Supplied data:
———

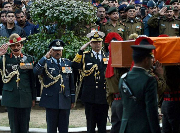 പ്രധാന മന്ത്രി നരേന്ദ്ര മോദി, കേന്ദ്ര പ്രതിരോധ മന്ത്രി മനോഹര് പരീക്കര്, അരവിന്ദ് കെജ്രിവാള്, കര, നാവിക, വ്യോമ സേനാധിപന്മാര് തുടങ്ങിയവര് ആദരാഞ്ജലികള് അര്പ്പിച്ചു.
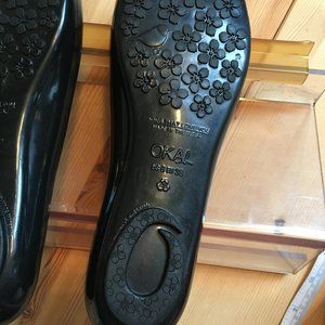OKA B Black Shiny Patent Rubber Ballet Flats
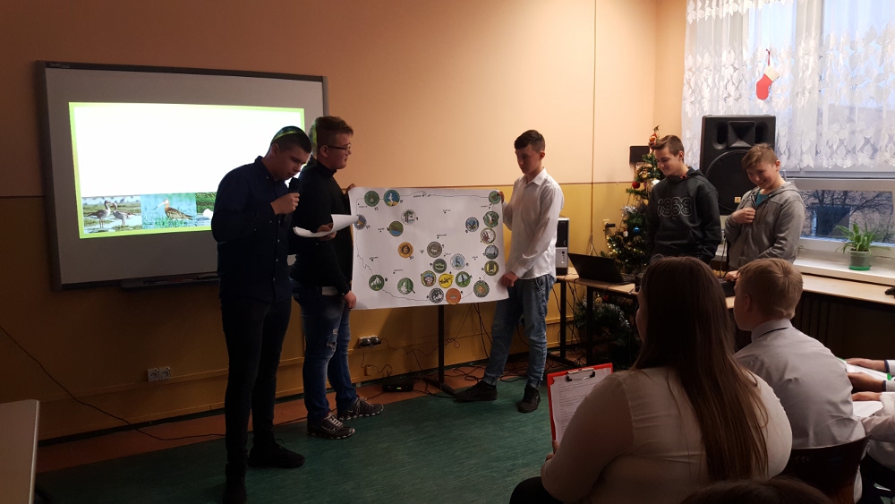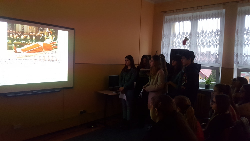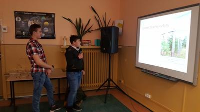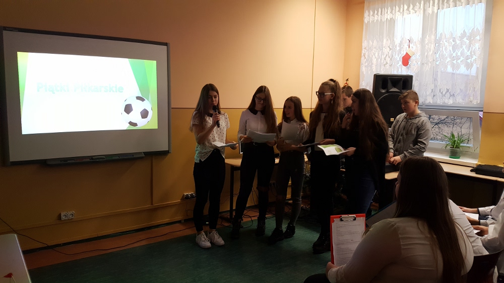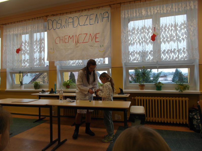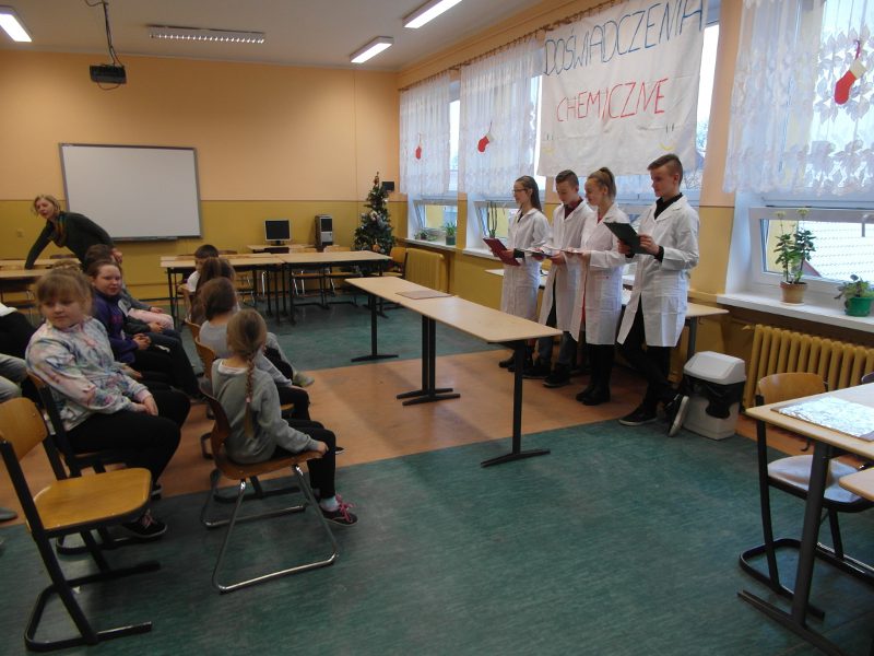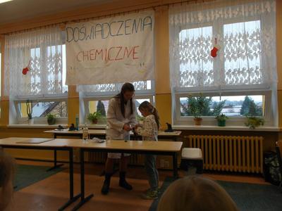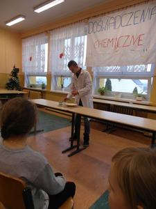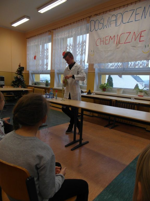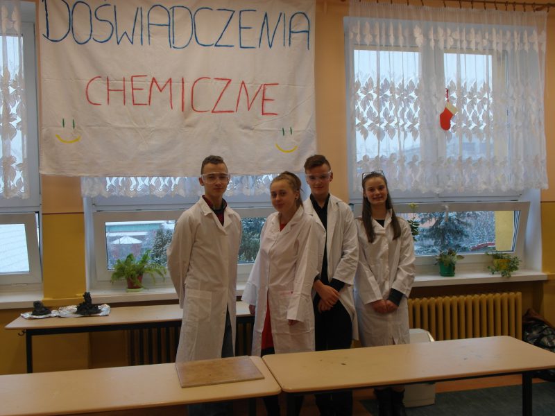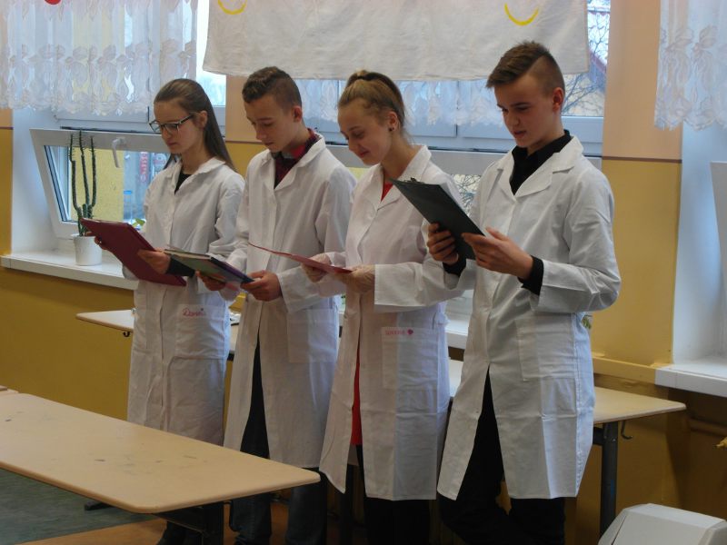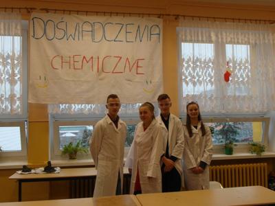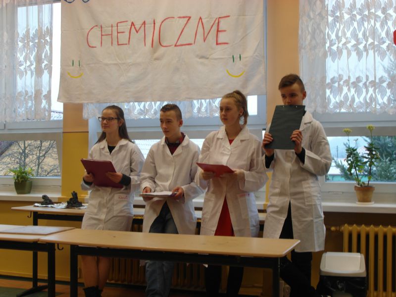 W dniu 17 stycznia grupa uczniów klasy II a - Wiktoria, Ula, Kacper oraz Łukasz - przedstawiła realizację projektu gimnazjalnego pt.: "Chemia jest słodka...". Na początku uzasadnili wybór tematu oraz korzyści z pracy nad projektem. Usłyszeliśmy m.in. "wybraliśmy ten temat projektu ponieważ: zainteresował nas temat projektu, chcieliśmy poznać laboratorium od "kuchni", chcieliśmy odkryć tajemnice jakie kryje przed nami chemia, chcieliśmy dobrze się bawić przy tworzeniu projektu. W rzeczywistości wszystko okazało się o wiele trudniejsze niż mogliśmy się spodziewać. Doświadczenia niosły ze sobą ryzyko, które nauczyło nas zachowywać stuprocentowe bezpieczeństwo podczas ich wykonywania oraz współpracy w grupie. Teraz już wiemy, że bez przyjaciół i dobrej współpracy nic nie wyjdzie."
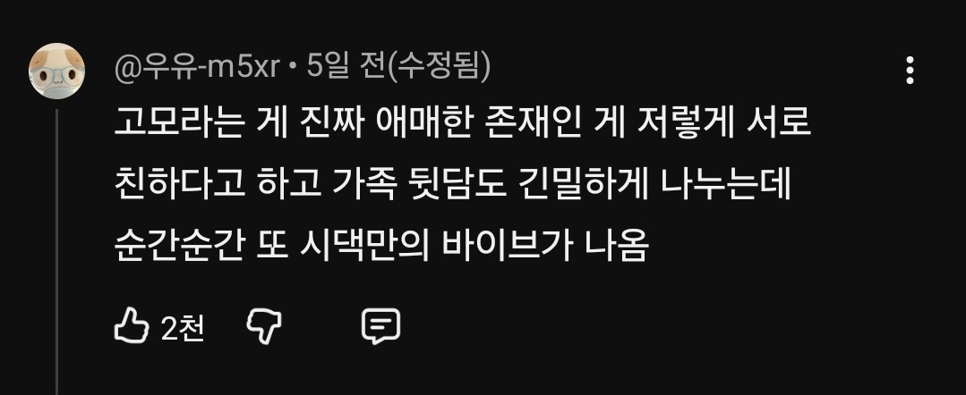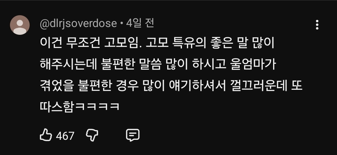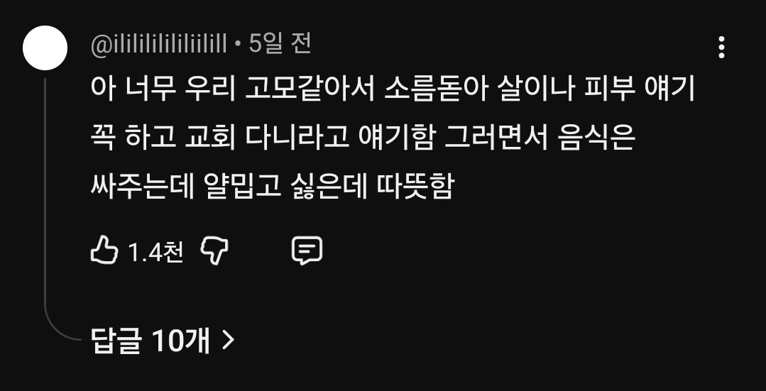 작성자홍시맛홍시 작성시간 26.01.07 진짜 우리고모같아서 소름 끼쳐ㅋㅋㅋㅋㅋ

———

Find the line containing "OKA B Black Shiny Patent Rubber Ballet Flats" in the listing above. Restate it and every line after it, word for word, through the final line, leaving out the pictures.

Solution for this exercise:
OKA B Black Shiny Patent Rubber Ballet Flats
 W dniu 17 stycznia grupa uczniów klasy II a - Wiktoria, Ula, Kacper oraz Łukasz - przedstawiła realizację projektu gimnazjalnego pt.: "Chemia jest słodka...". Na początku uzasadnili wybór tematu oraz korzyści z pracy nad projektem. Usłyszeliśmy m.in. "wybraliśmy ten temat projektu ponieważ: zainteresował nas temat projektu, chcieliśmy poznać laboratorium od "kuchni", chcieliśmy odkryć tajemnice jakie kryje przed nami chemia, chcieliśmy dobrze się bawić przy tworzeniu projektu. W rzeczywistości wszystko okazało się o wiele trudniejsze niż mogliśmy się spodziewać. Doświadczenia niosły ze sobą ryzyko, które nauczyło nas zachowywać stuprocentowe bezpieczeństwo podczas ich wykonywania oraz współpracy w grupie. Teraz już wiemy, że bez przyjaciół i dobrej współpracy nic nie wyjdzie."
 작성자홍시맛홍시 작성시간 26.01.07 진짜 우리고모같아서 소름 끼쳐ㅋㅋㅋㅋㅋ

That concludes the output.